▸ **GOAL OF THE EXERCISE**
Return the lines that run from the beginning of the entries to the line holding "A sport car", inclusive, and drop the pictures.

▸ **SUPPLIED DATA**
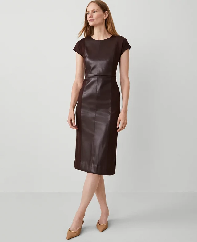 Ann Taylor Petite Faux Leather Mixed Media Dress Pure Chocolate Women's
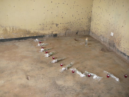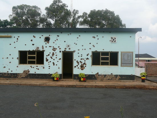 Dass Kigali keine großen Sehenswürdigkeiten hat, ist nicht schlimm. Unser Guide ist sehr nett und kenntnisreich, erzählt viel und man bekommt in kurzer Zeit bei der Fahrt durch die einzelnen Stadtbezirke einen guten Eindruck von der Stadt. So etwas sollte es auch anderswo geben. Es gibt vier Stationen, an denen wir Halt machen. Zunächst die Kaserne der 10 ermodeten belgischen Soldaten. Man sieht noch die Einschüsse der Angreifer, innen die dunklen Flecken an den Wänden, das Blut der Belgier. Und ein Mahnmal.
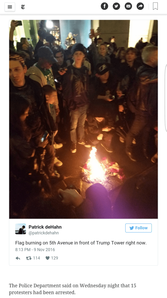 I was there when an American flag was burned outside Trump Tower after the 2016 US election, and my photo was featured in New York Times coverage online.
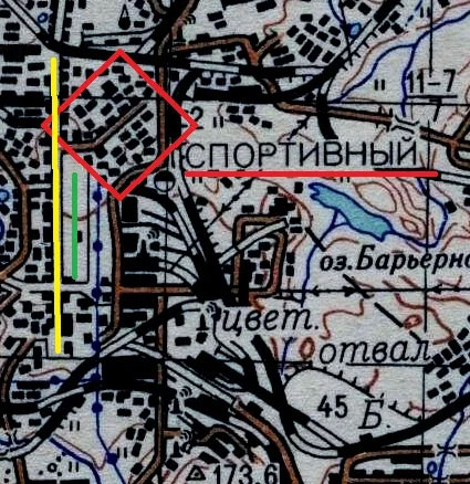 Фрагмент схемы 1943 г. Желтым отметил будущую ул. Энергетическая, зелёным -
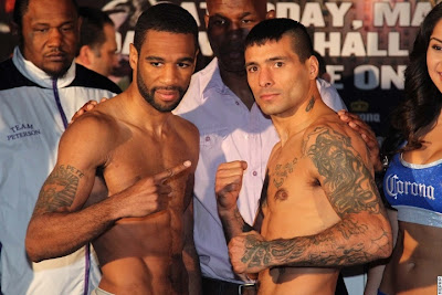 米国アトランティックシティのボードウォークホールで明日18日(日本時間19日)に挙行される141ポンド契約の12回戦(スーパーライト級リミット1ポンド超過)の計量が17日、同地のシーザース・アトランティックシティ・ホテルで行われた。結果はIBF世界S・ライト級王者ラモント・ピーターソン(米)が141ポンド(63.96キロ)、同級WBC暫定王者ルーカス・マティセー(アルゼンチン)が140ポンド(63.5キロ)だった。
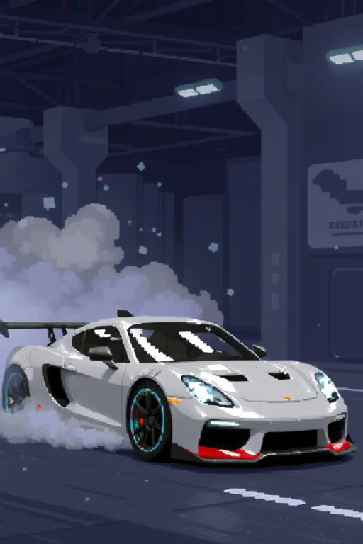 A sport car in a dynamic scene, pixel art style, clear drawn in big pixels very well aligned, rich showcase, award-winning craftsmanship. UHD resolution enhances the dynamic, impactful pose for a striking, lifelike result.
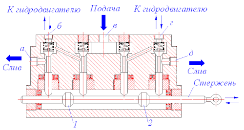 При необходимости перенаправить потоки жидкости оператор перемещает ручку управления, которая связана кинематической связью с кольцом стержня (см. рисунок). При перемещении стержня выступы 1 и 2 открывают ту или иную пару клапанов, благодаря чему осуществляется перенаправление потоков жидкости. Подача жидкости от насоса осуществляется через канал в, а слив жидкости в гидробак осуществляется по каналам либо а, либо д. Жидкость поступает к гидродвигателям или сливается от них (в зависимости от положения стержня) по каналу либо б, либо г.
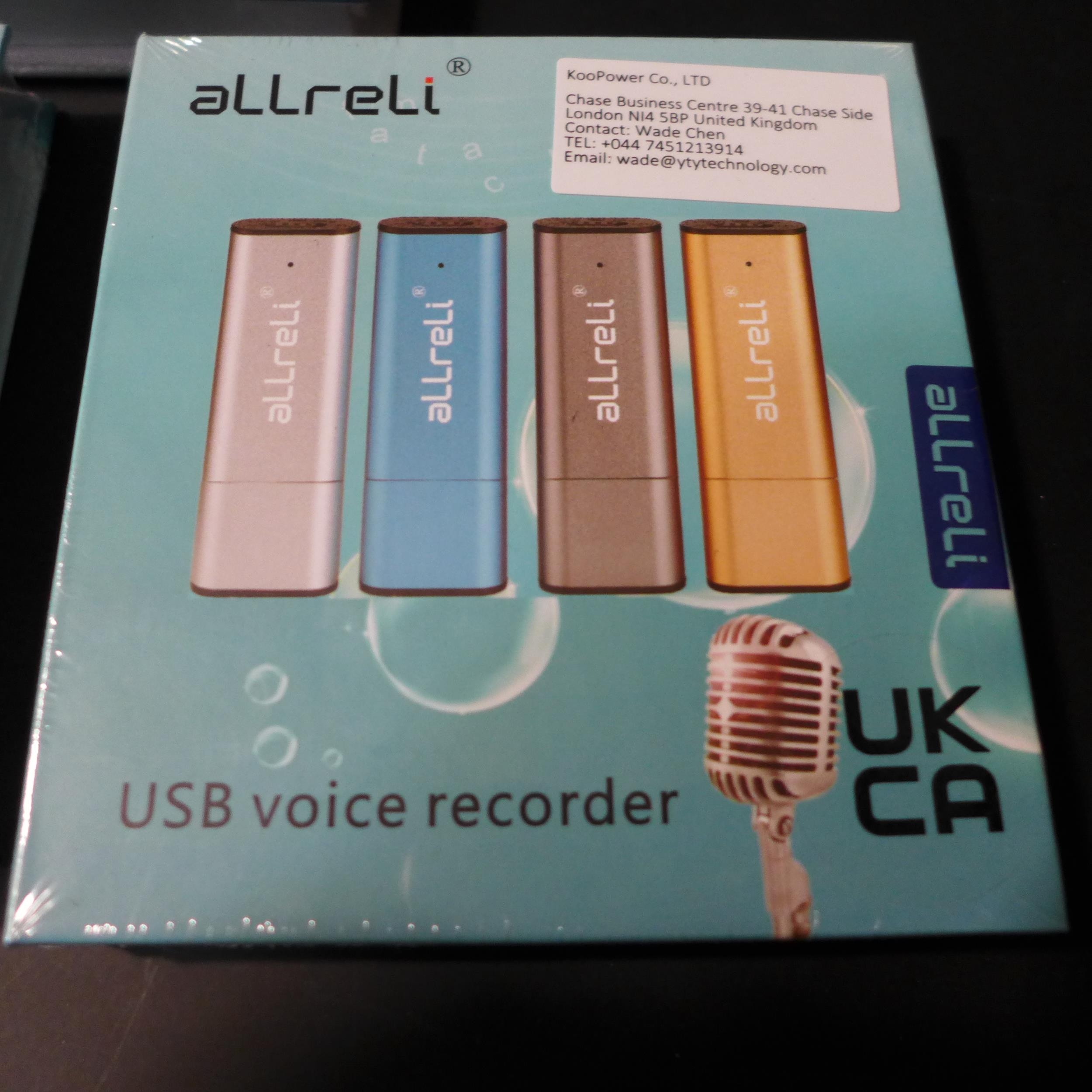 Three Allreli USB voice recorders (2 x 8GB, 1 x 16GB)

▸ **EXPECTED OUTPUT**
 Ann Taylor Petite Faux Leather Mixed Media Dress Pure Chocolate Women's
 Dass Kigali keine großen Sehenswürdigkeiten hat, ist nicht schlimm. Unser Guide ist sehr nett und kenntnisreich, erzählt viel und man bekommt in kurzer Zeit bei der Fahrt durch die einzelnen Stadtbezirke einen guten Eindruck von der Stadt. So etwas sollte es auch anderswo geben. Es gibt vier Stationen, an denen wir Halt machen. Zunächst die Kaserne der 10 ermodeten belgischen Soldaten. Man sieht noch die Einschüsse der Angreifer, innen die dunklen Flecken an den Wänden, das Blut der Belgier. Und ein Mahnmal.
 I was there when an American flag was burned outside Trump Tower after the 2016 US election, and my photo was featured in New York Times coverage online.
 Фрагмент схемы 1943 г. Желтым отметил будущую ул. Энергетическая, зелёным -
 米国アトランティックシティのボードウォークホールで明日18日(日本時間19日)に挙行される141ポンド契約の12回戦(スーパーライト級リミット1ポンド超過)の計量が17日、同地のシーザース・アトランティックシティ・ホテルで行われた。結果はIBF世界S・ライト級王者ラモント・ピーターソン(米)が141ポンド(63.96キロ)、同級WBC暫定王者ルーカス・マティセー(アルゼンチン)が140ポンド(63.5キロ)だった。
 A sport car in a dynamic scene, pixel art style, clear drawn in big pixels very well aligned, rich showcase, award-winning craftsmanship. UHD resolution enhances the dynamic, impactful pose for a striking, lifelike result.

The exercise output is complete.